The Magistrate held an evidentiary hearing on Defendant's Motion on May 9, 1986, and on July 1, 1986 filed a Memorandum and Recommendation that Defendant’s Motion to Suppress be allowed.
The Government, within the time allowed by the Court, filed a Memorandum on July 23,1986 contending that the Motion to Suppress should be denied.
The Government apparently does not dispute the Magistrate’s Findings of Fact and the Court sees no benefit in repeating those Findings of Fact here.
Based on the Findings of Fact by the Magistrate and the applicable law the Court will deny the Defendant’s Motion to Suppress.
*221 DISCUSSIONThe Magistrate concluded that Agent Davis’ initial contact with the Defendant was consensual and did not amount to a “seizure”. However, she then concluded on Page 13 of her Memorandum and Recommendation that Davis’ initial contact with the Defendant subsequently escalated from a consensual encounter to a seizure because a person is seized when by means of physical force or show of authority, his freedom of movement is restricted (emphasis added). United States v. Mendenhall, 446 U.S. 544, at p. 553, 100 S.Ct. 1870, at p. 1876-77, 64 L.Ed.2d 497.

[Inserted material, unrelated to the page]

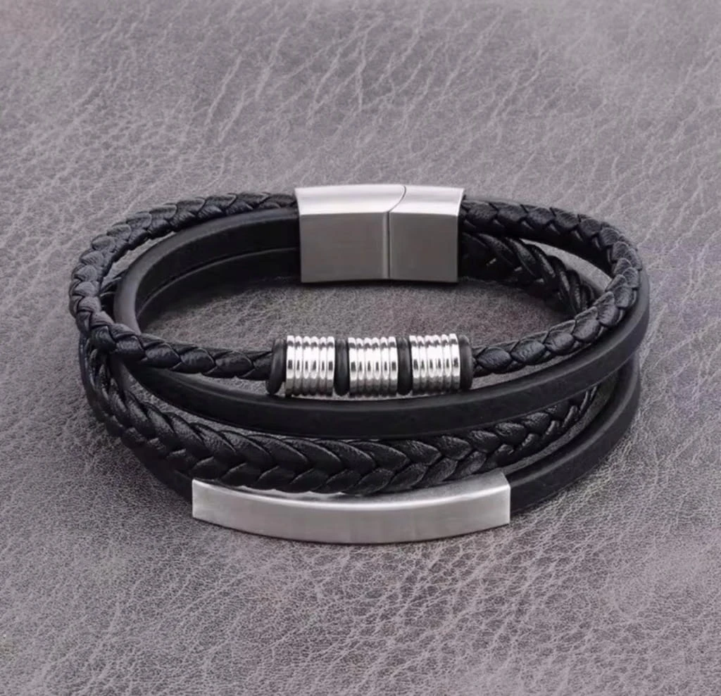 Elegancka bransoletka wykonana z wysokiej jakości skóry ekologicznej w klasycznej czerni. Połączenie plecionych i gładkich pasków tworzy nowoczesny, wielowarstwowy design.

The Magistrate went on to say on pages 13 and 14:
Such restraint occurred in this case when Smith first noticed that he was being monitored by two airport police officers. At that point, Smith had completed his initial contact with Davis and had been informed that his suitcase would be detained for a “sniff test”. Since Smith was clearly the focus of a criminal investigation, it was reasonable for him to conclude that the purpose of the surveillance was to prevent him from leaving the airport before the investigation was completed.
The Magistrate then stated on Page 15 of her Memorandum and Recommendation:
Indeed, the surveillance had nothing to do with the investigation and was, instead, a means of insuring that Smith was around to arrest if the investigation bore fruit. See n. 5, infra at 6.
Note 5 on page 6 stated:
Agent Davis testified that on a number of occasions in the past, drug courier suspects had avoided apprehension by leaving the airport while he was attempting to obtain a search warrant. According to Davis, he told the airport police to stay in Smith’s “general vicinity” and to let him know if Smith got into a cab so he would know “where to start the trail of trying to track him.”
The Magistrate then pointed out on page 15 that Davis had questioned Smith two more times. The Magistrate then concluded on Page 16 after citing United States v. Ilazi, 730 F.2d 1120, 1126 (8th Cir.1984); United States v. Morin, 665 F.2d 765, 769 (5th Cir.1982); and Florida v. Royer, 460 U.S. 491, 103 S.Ct. 1319, 75 L.Ed.2d 229:
Accordingly, the consent to search, which was given during this conversation and was very much a product of Smith’s ongoing detention, must fail unless Smith’s detention was justified by probable cause. See Royer, 460 U.S. at 507, 103 S.Ct. at 1329.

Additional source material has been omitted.